Data Processing Agreement (DPA) Enforcement: Privacy by Design for Third-Party Integrations

Third-party app integrations have become foundational to modern software development. From streamlining workflows to accelerating feature deployment, integrations help organizations build more robust, feature-rich applications while focusing on their core value propositions.
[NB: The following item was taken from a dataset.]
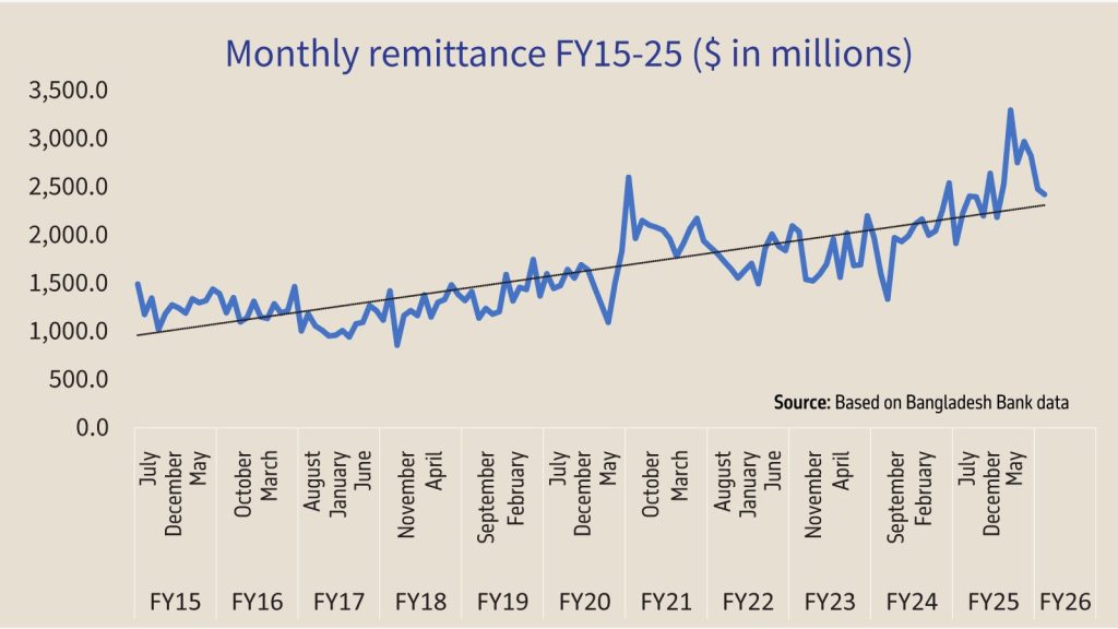 Over the past decade, monthly remittances have evolved from a steady stream into a dependable economic lifeline. Pre-FY21 flows showed incremental growth with seasonal peaks during Eid and in December. The trendline is not only upward but accelerating, reflecting Bangladesh’s deepening involvement in the international low-skilled labour market and the increasing steadiness of remittance income for families. Although monthly amounts continue to fluctuate with seasonal events, as the chart shows, both the baseline and peaks of remittance inflows have risen.

The Benefits of Third-Party App Integrations

Common use cases

• Authentication: Tools like Auth0 and PropelAuth simplify user sign-up and login workflows.
• Monitoring and observability: Platforms like Datadog and New Relic provide insights into performance and uptime.
• Error reporting: Tools such as Sentry and Bugsnag alert developers to issues as they happen.
• Sales and marketing: CRMs like Salesforce and HubSpot help drive customer acquisition and retention.
• Web analytics: Google Analytics, Mixpanel, and Segment offer behavioral insights.
• LLM integrations: AI tools like OpenAI, Anthropic, Google Gemini, and others are rapidly being integrated into workflows for customer support, content generation, and internal knowledge search.

Advantages

• Faster time to market: Teams can deliver features rapidly by avoiding the overhead of building everything in-house.
• Reduced development costs: Buying best-in-class functionality is often cheaper than building and maintaining it.
• Engineering focus: Developers can focus on what differentiates their product instead of reinventing common tools.

The Dangers of Third-Party App Integrations

While third-party services unlock massive benefits, they also introduce risks, especially when privacy is not embedded by design.

SDKs full of security risks

Most integrations rely on SDKs that introduce:

• Open-source vulnerabilities: malicious or outdated dependencies. A well known example is the event-stream incident, where a widely used npm package was found to include a malicious dependency targeting crypto wallets.
• Scope creep: once an SDK is embedded, it may request or collect more data than originally anticipated. These layers of abstraction make it difficult to identify data exposure risks.

How Data Processing Agreement Violations Happen

Despite the benefits, third-party integrations often become privacy minefields. Developers, and increasingly AI code assistants, can unintentionally introduce risks by oversharing sensitive data with third-party services, bypassing established data processing agreements (DPAs).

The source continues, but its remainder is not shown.